Work to complete:
What the task requires is an exact printout of the listing below, pictures excluded.

The data:

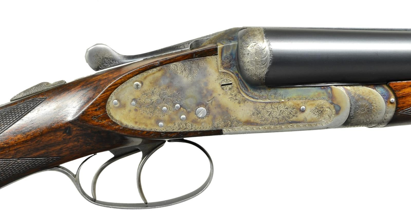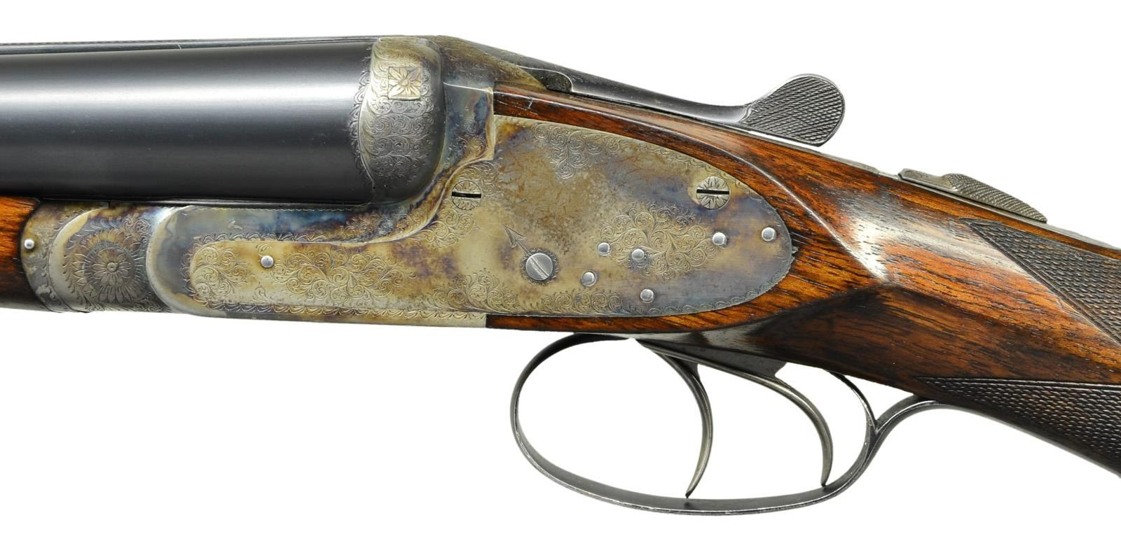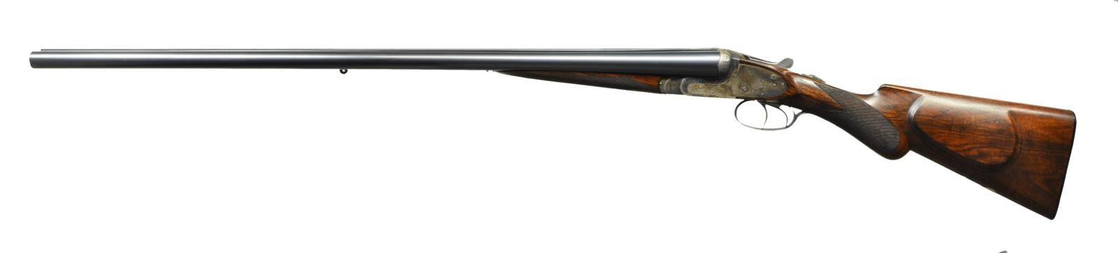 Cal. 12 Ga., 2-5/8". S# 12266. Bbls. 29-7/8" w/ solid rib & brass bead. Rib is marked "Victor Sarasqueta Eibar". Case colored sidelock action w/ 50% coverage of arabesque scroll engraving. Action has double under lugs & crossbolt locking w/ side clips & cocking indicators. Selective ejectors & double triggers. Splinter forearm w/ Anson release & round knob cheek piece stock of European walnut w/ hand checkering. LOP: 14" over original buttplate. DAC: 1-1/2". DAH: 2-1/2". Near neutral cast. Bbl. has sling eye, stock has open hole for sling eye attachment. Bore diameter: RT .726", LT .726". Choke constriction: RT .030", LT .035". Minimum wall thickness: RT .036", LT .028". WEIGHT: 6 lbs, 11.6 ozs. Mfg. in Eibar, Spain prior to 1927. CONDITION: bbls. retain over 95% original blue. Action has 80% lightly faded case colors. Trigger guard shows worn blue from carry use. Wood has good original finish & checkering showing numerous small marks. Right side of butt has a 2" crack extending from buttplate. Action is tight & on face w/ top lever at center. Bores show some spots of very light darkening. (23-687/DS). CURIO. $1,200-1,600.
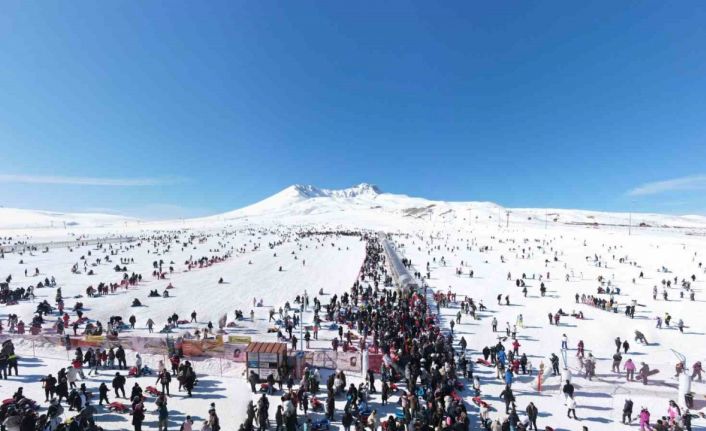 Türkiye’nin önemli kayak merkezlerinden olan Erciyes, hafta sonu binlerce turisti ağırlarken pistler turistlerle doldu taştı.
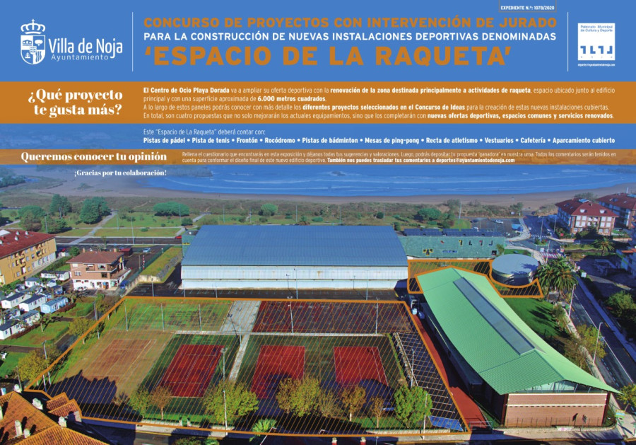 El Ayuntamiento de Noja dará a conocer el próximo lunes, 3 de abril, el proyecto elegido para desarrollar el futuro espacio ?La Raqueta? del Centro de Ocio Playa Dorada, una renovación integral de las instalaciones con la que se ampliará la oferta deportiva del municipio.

Output below:
 Cal. 12 Ga., 2-5/8". S# 12266. Bbls. 29-7/8" w/ solid rib & brass bead. Rib is marked "Victor Sarasqueta Eibar". Case colored sidelock action w/ 50% coverage of arabesque scroll engraving. Action has double under lugs & crossbolt locking w/ side clips & cocking indicators. Selective ejectors & double triggers. Splinter forearm w/ Anson release & round knob cheek piece stock of European walnut w/ hand checkering. LOP: 14" over original buttplate. DAC: 1-1/2". DAH: 2-1/2". Near neutral cast. Bbl. has sling eye, stock has open hole for sling eye attachment. Bore diameter: RT .726", LT .726". Choke constriction: RT .030", LT .035". Minimum wall thickness: RT .036", LT .028". WEIGHT: 6 lbs, 11.6 ozs. Mfg. in Eibar, Spain prior to 1927. CONDITION: bbls. retain over 95% original blue. Action has 80% lightly faded case colors. Trigger guard shows worn blue from carry use. Wood has good original finish & checkering showing numerous small marks. Right side of butt has a 2" crack extending from buttplate. Action is tight & on face w/ top lever at center. Bores show some spots of very light darkening. (23-687/DS). CURIO. $1,200-1,600.
 Türkiye’nin önemli kayak merkezlerinden olan Erciyes, hafta sonu binlerce turisti ağırlarken pistler turistlerle doldu taştı.
 El Ayuntamiento de Noja dará a conocer el próximo lunes, 3 de abril, el proyecto elegido para desarrollar el futuro espacio ?La Raqueta? del Centro de Ocio Playa Dorada, una renovación integral de las instalaciones con la que se ampliará la oferta deportiva del municipio.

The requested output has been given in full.